CPS Chief executive officer Barbara Byrd-Bennett

CHICAGO — Chicago Public Schools has reached an agreement to sell its downtown headquarters for $28 million.

The district put its headquarters up for sale in an attempt to cut its costs. The district will rent space at another downtown site with savings from the sale expected to total more than $60 million over the next 15 years.

CPS also has an agreement to sell a former school site for $3.5 million. The school was among about 50 shuttered by the district in 2013.

"CPS is making a dedicated effort to reduce Central Office spending and direct as much funding as possible to classrooms throughout the city," said CPS Chief executive officer Barbara Byrd-Bennett said in a statement.

The Chicago Board of Education approved the headquarters' sale but City Council approval is still need because it holds the title in trust for CPS. The district also plans to issue new bid solicitations for two other shuttered schools.

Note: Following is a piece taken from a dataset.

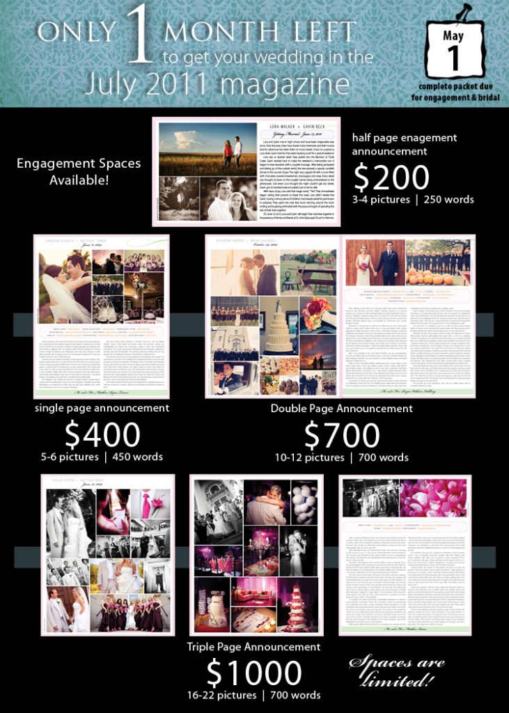 Time is running out! There is only one month left to announce your wedding or engagement in the upcoming July issue of Brides of Oklahoma. If you’re looking for the perfect keepsake and a great way to commemorate your big day, be sure to check out our wedding and engagement announcements! All announcements are full-color and include several pictures along with a write-up! Brides can choose from a single or double page wedding announcement or an engagement announcement! Limited triple page wedding announcement space is also available. The deadline to submit your completed engagement or wedding announcement packet is coming up quickly on May 1. Be sure to reserve your spot online right away — space is limited! Reserve your wedding announcement space online by following this link. To download the bridal packet, click here. To reserve your engagement announcement and to download the engagement packet, click here. To make things even easier, you can now fill out the information portion of the packet online — www.thebridesofoklahoma.com/online-bridal-packet or www.thebridesofoklahoma.com/online-engagement-packet! If you have any questions, email Alli at [email protected] or call 405.607.2902. Happy Friday!

The district is struggling with mounting pension costs and other expenses. Its $5.7 billion fiscal 2015 budget relies on a windfall of property tax dollars by extending its collection cycle into the next fiscal year to help wipe out a $900 million shortfall.

To fund fiscal 2015 capital projects totaling $466 million, the district intends to sell general obligation bonds although a final size for the borrowing has not been released. The capital budget includes plans to install air conditioning in schools, build a new selective enrollment high school named for President Obama, and other upgrades.

The use of reserves, a non-recurring revenue source, left the district with a structural imbalance and projected $900 million gaps again in fiscal 2015 and 2016. Moody's Investors Service in March lowered the board of education's rating to Baa1 and assigned a negative outlook, its second downgrade within a year.

A downgrade below the mid-triple-B level by any two rating agencies would trigger swap terminations.

Standard & Poor's rates the board of education A-plus and stable. Fitch Ratings downgraded the board in September, lowering it to A-minus with a negative outlook.